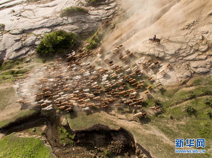 新疆阿勒泰地區(qū)福海縣牧民趕著牲畜向夏季牧場遷徙(6月6日無人機拍攝)。新華社記者丁磊攝
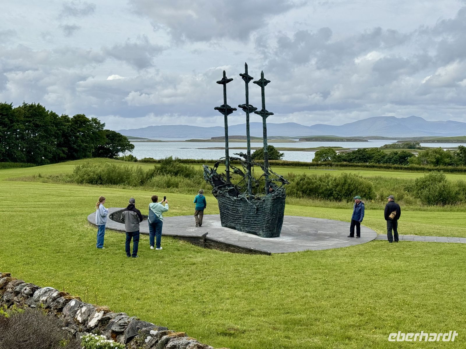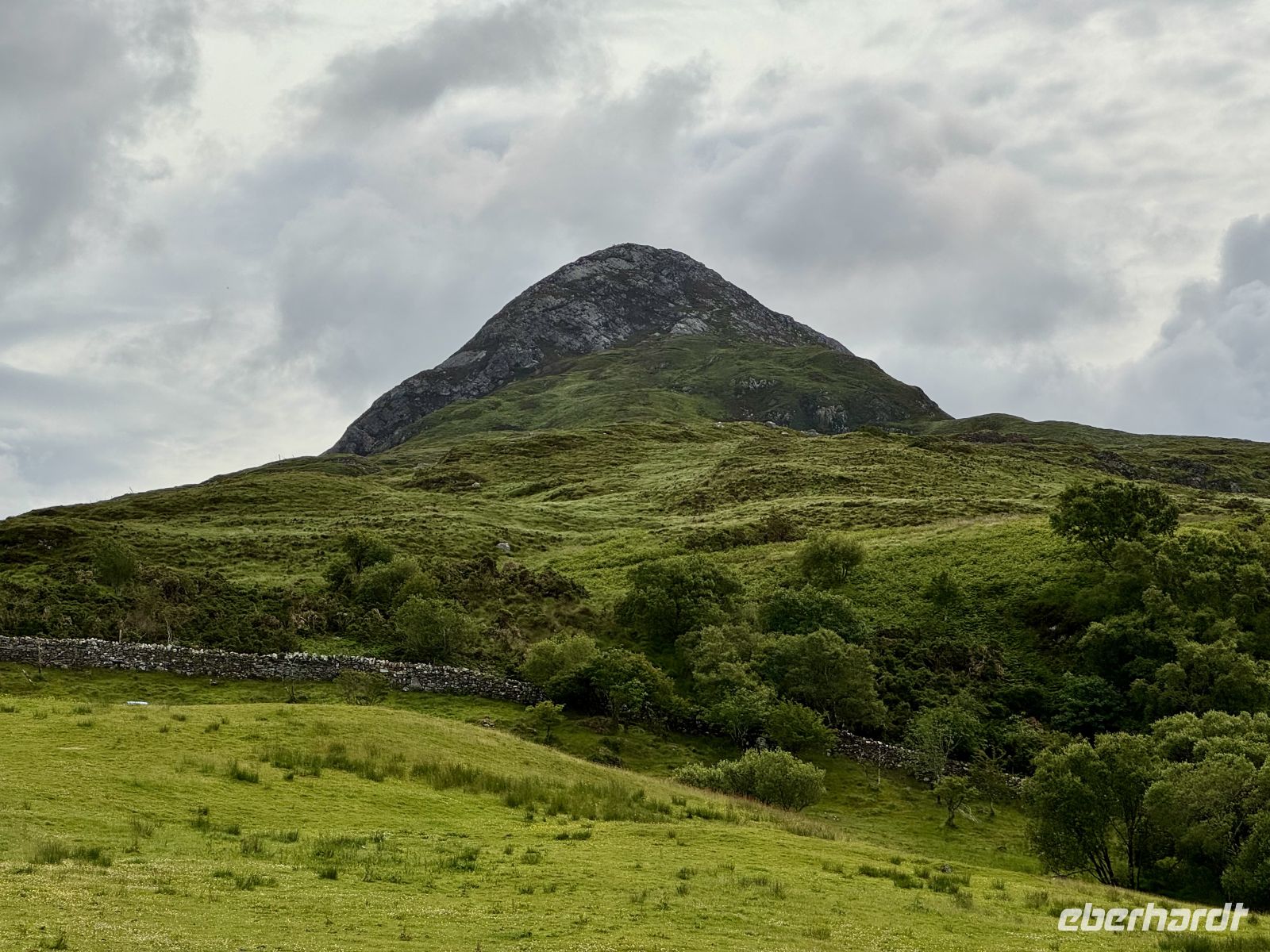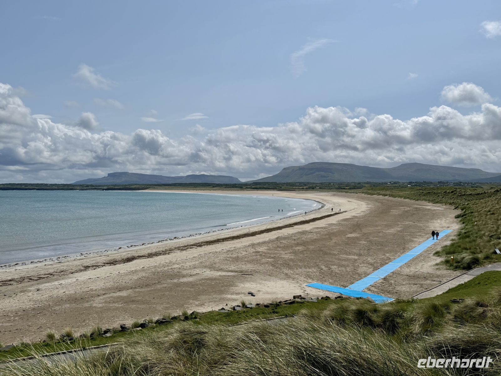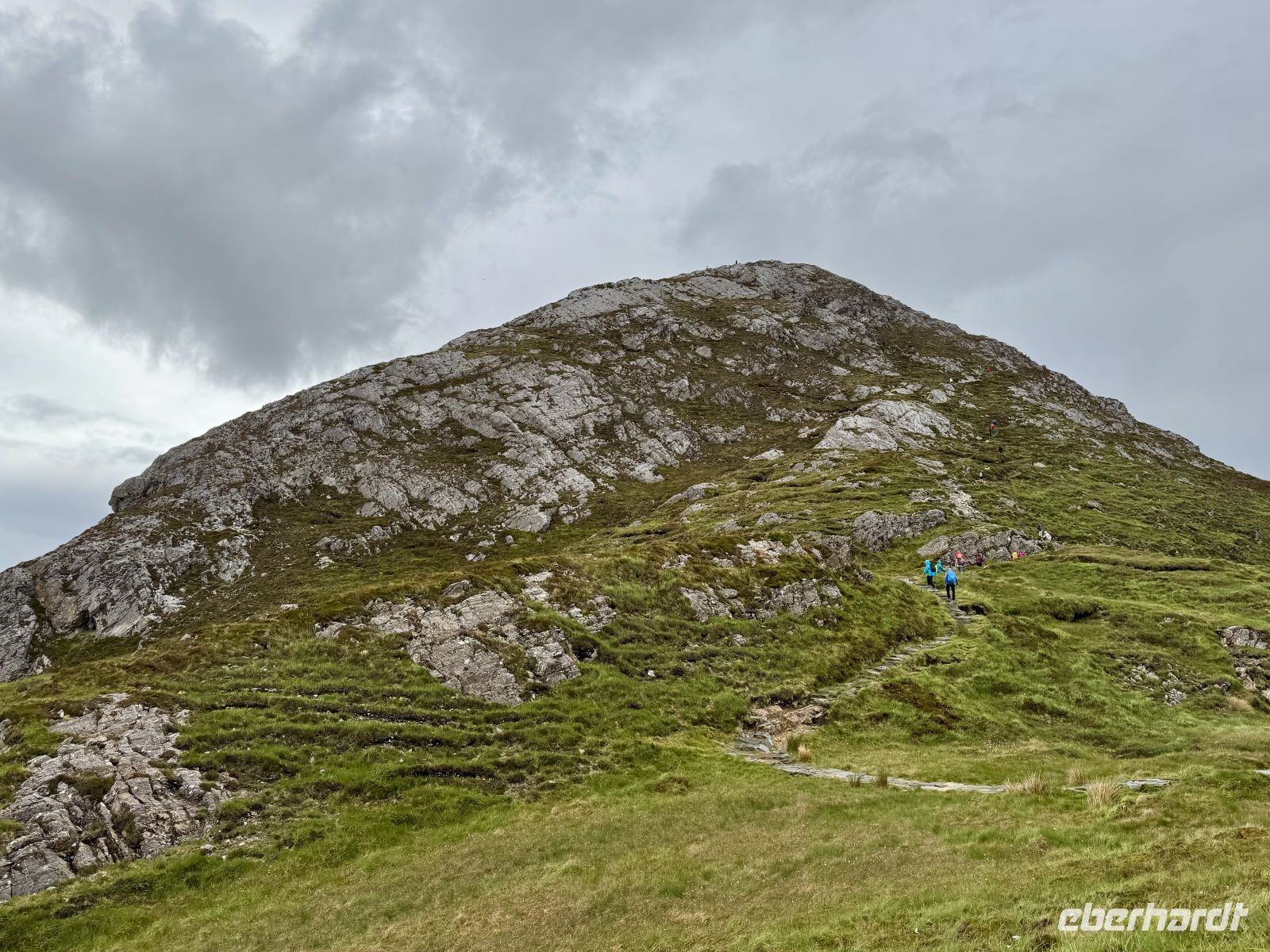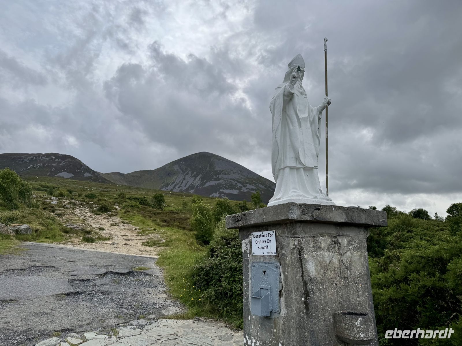 Regen in der Barnesmore Gap muss noch keinen Weltuntergang bedeuten, stellen wir auf unserer Fahrt nach Donegal fest. In der niedlichen kleinen Hauptstadt des gleichnamigen Countys bleibt es bei unserem Aufenthalt nämlich trocken und auch von den Temperaturen her angenehm. Wir machen Fotos vom Castle, Obelisken und Hafen und kaufen uns ganz optimistisch Verpflegung für unser Picknick am Hafen von Mullaghmore. Der Wettergott muss es heute wirklich gut mit uns meinen, denn während unserer Küstenwanderung um die Insel fällt kein einziger Tropfen. Mehr noch — die Wolkendecke reißt auf und wir sehen blauen Himmel. Ich muss tatsächlich meine Sonnenbrille aus dem Rucksack holen! Wir kommen in den Genuss einer wunderbaren Fernsicht. Weiße Schafe vor dem Classiebawn Castle vor dem Ben Bulben. Mehr Irland-Klischee geht fast nicht. Gen Westen am Horizont die Klippen von Slieve League. Hach, was für eine schöne kleine Wanderung! Am Hafen von Mullaghmore wartet dann unser Bus mit dem eingekauften Mittagssnack. Mit Aussicht auf den Sandstrand und die Berge lässt es sich gar herrlich speisen. Während wir den Ben Bulben, Drumcliff, Sligo und den Knocknarea passieren/durchqueren, tauchen wir in die reichhaltige Sagenwelt Irlands ein. Dann dürfen meine Gäste bis Westport schlafen. Der nackte Gipfel des Croagh Patrick am Horizont ist ein weiterer Beweis für die gute Fernsicht und den gnädigen Wettergott. Doch bevor wir uns dem heiligen Berg widmen, machen wir die angekündigte Kaffee- und Einkaufspause im malerischen Westport. Die schwierigste Entscheidung ist die Auswahl des Cafés, denn alle sehen einladend und gemütlich aus. Oder doch lieber ein Eis? Wer ist verrückt genug, DIESEN Weg barfuß und auf Knien zurückzulegen, fragen wir uns am Anfang des Pilgerpfads auf den Gipfel. Auch der Heilige Patrick mag gar nicht hinschauen und blickt lieber auf die Inseln in der Clew Bay. Auf Vorschlag von Donal nehmen wir die Scenic Route durch das Doolough Valley zum Fjord und machen dort einen letzten Fotostopp. Als das Leenane Hotel am Killary Harbour schließlich in Sichtweite kommt, fängt mein Magen vor Vorfreude schon an zu knurren. Nach dem leckeren Abendessen erwartet uns im Salon noch gute hausgemachte traditionelle Live-Musik, um den schönen Tag abzurunden.
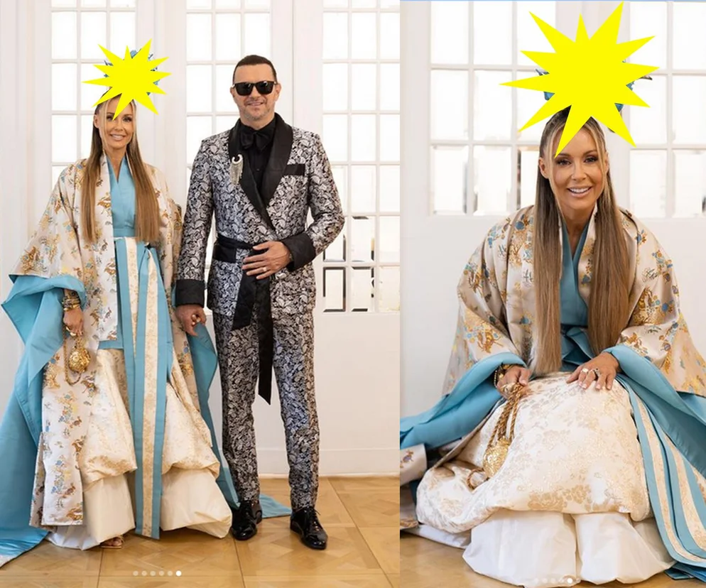 Małgorzacie Rozenek-Majdan na balu u Omeny Mesah i Rafała Brzoski jak zwykle towarzyszył mąż, Radosław Majdan. Oboje zaszaleli z kreacjami. Celebrytka chętnie pozowała do zdjęć w stylizowanym na orient stroju, a na głowie miała niebieski statek. W dłoni trzymała złote serce na łańcuszku. Radosław Majdan nie pozostawał w tyle i można śmiało stwierdził, że dorównał ukochanej artyzmem stroju. Były bramkarz reprezentacji Polski zdecydował się na garnitur w roślinny i jednocześnie pstrokaty wzór, który niewątpliwie przyciągał wzrok.
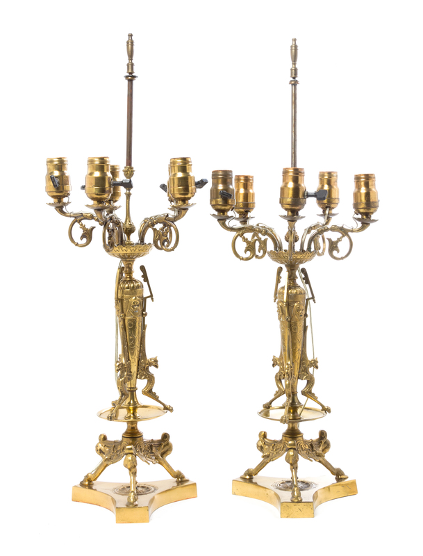 each with masks, griffin monopodia and a tripartite base with bent legs terminating in hoof feet, mounted as lamps.
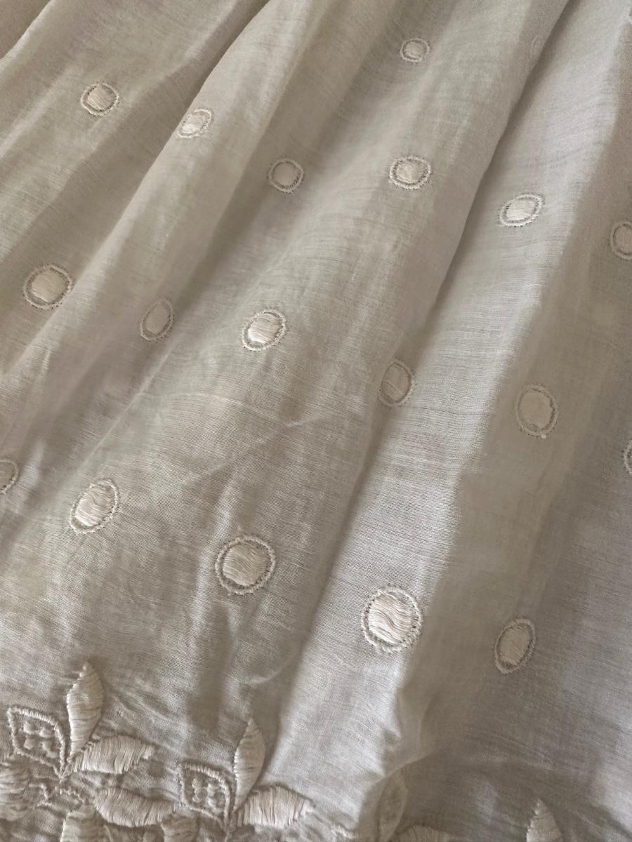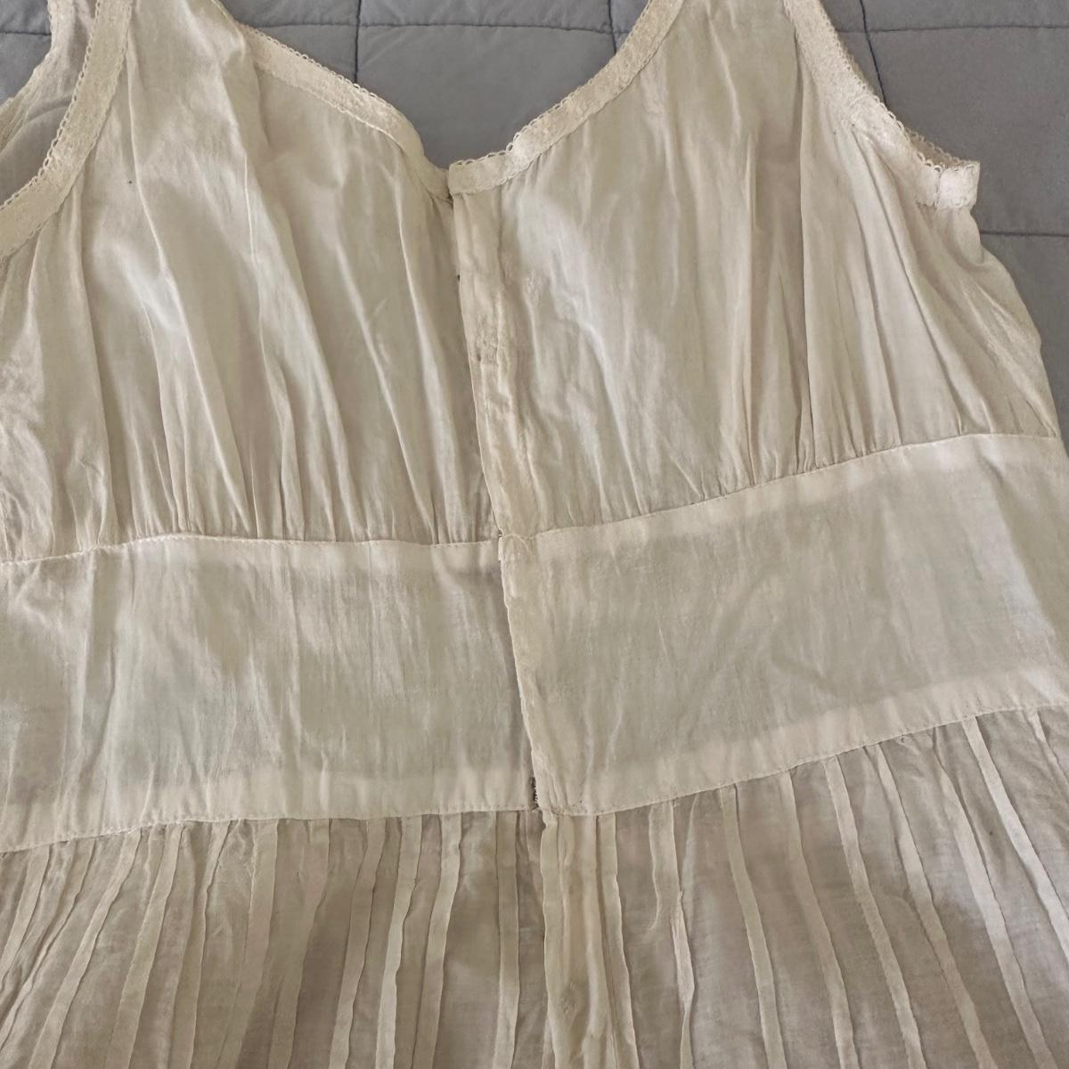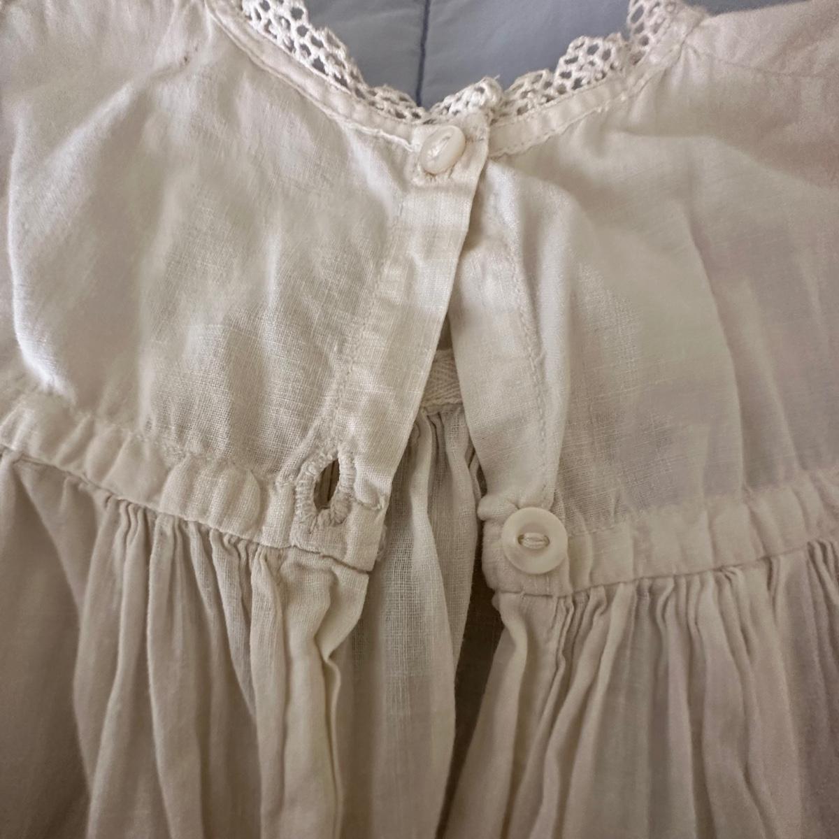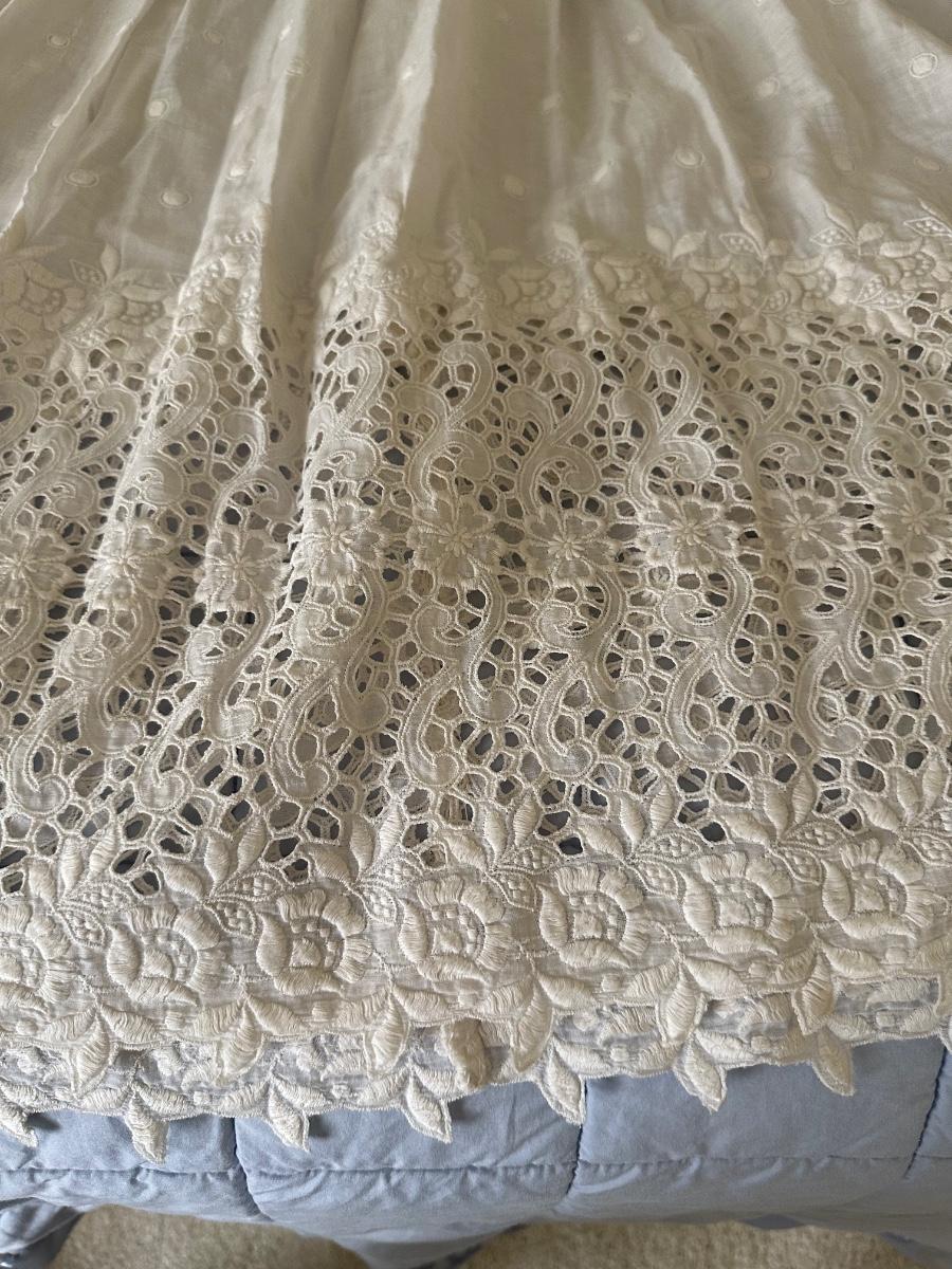 Both the wedding dress and christening gown consist of two pieces each which appear to be slips. They have hook and eye and button closures. Wedding dress is 49”L x 17”W across the shoulders and appears to be small. The christening gown is 23”L x 6”W across the shoulders. There are no sizing or fabric content labels but they appear to be cotton. Shipping available.

• _Goal of the exercise_: Write out the listing above in full, word for word, with no pictures.

• _Solved exercise_:
 新疆阿勒泰地區(qū)福海縣牧民趕著牲畜向夏季牧場遷徙(6月6日無人機拍攝)。新華社記者丁磊攝
 Regen in der Barnesmore Gap muss noch keinen Weltuntergang bedeuten, stellen wir auf unserer Fahrt nach Donegal fest. In der niedlichen kleinen Hauptstadt des gleichnamigen Countys bleibt es bei unserem Aufenthalt nämlich trocken und auch von den Temperaturen her angenehm. Wir machen Fotos vom Castle, Obelisken und Hafen und kaufen uns ganz optimistisch Verpflegung für unser Picknick am Hafen von Mullaghmore. Der Wettergott muss es heute wirklich gut mit uns meinen, denn während unserer Küstenwanderung um die Insel fällt kein einziger Tropfen. Mehr noch — die Wolkendecke reißt auf und wir sehen blauen Himmel. Ich muss tatsächlich meine Sonnenbrille aus dem Rucksack holen! Wir kommen in den Genuss einer wunderbaren Fernsicht. Weiße Schafe vor dem Classiebawn Castle vor dem Ben Bulben. Mehr Irland-Klischee geht fast nicht. Gen Westen am Horizont die Klippen von Slieve League. Hach, was für eine schöne kleine Wanderung! Am Hafen von Mullaghmore wartet dann unser Bus mit dem eingekauften Mittagssnack. Mit Aussicht auf den Sandstrand und die Berge lässt es sich gar herrlich speisen. Während wir den Ben Bulben, Drumcliff, Sligo und den Knocknarea passieren/durchqueren, tauchen wir in die reichhaltige Sagenwelt Irlands ein. Dann dürfen meine Gäste bis Westport schlafen. Der nackte Gipfel des Croagh Patrick am Horizont ist ein weiterer Beweis für die gute Fernsicht und den gnädigen Wettergott. Doch bevor wir uns dem heiligen Berg widmen, machen wir die angekündigte Kaffee- und Einkaufspause im malerischen Westport. Die schwierigste Entscheidung ist die Auswahl des Cafés, denn alle sehen einladend und gemütlich aus. Oder doch lieber ein Eis? Wer ist verrückt genug, DIESEN Weg barfuß und auf Knien zurückzulegen, fragen wir uns am Anfang des Pilgerpfads auf den Gipfel. Auch der Heilige Patrick mag gar nicht hinschauen und blickt lieber auf die Inseln in der Clew Bay. Auf Vorschlag von Donal nehmen wir die Scenic Route durch das Doolough Valley zum Fjord und machen dort einen letzten Fotostopp. Als das Leenane Hotel am Killary Harbour schließlich in Sichtweite kommt, fängt mein Magen vor Vorfreude schon an zu knurren. Nach dem leckeren Abendessen erwartet uns im Salon noch gute hausgemachte traditionelle Live-Musik, um den schönen Tag abzurunden.
 Małgorzacie Rozenek-Majdan na balu u Omeny Mesah i Rafała Brzoski jak zwykle towarzyszył mąż, Radosław Majdan. Oboje zaszaleli z kreacjami. Celebrytka chętnie pozowała do zdjęć w stylizowanym na orient stroju, a na głowie miała niebieski statek. W dłoni trzymała złote serce na łańcuszku. Radosław Majdan nie pozostawał w tyle i można śmiało stwierdził, że dorównał ukochanej artyzmem stroju. Były bramkarz reprezentacji Polski zdecydował się na garnitur w roślinny i jednocześnie pstrokaty wzór, który niewątpliwie przyciągał wzrok.
 each with masks, griffin monopodia and a tripartite base with bent legs terminating in hoof feet, mounted as lamps.
 Both the wedding dress and christening gown consist of two pieces each which appear to be slips. They have hook and eye and button closures. Wedding dress is 49”L x 17”W across the shoulders and appears to be small. The christening gown is 23”L x 6”W across the shoulders. There are no sizing or fabric content labels but they appear to be cotton. Shipping available.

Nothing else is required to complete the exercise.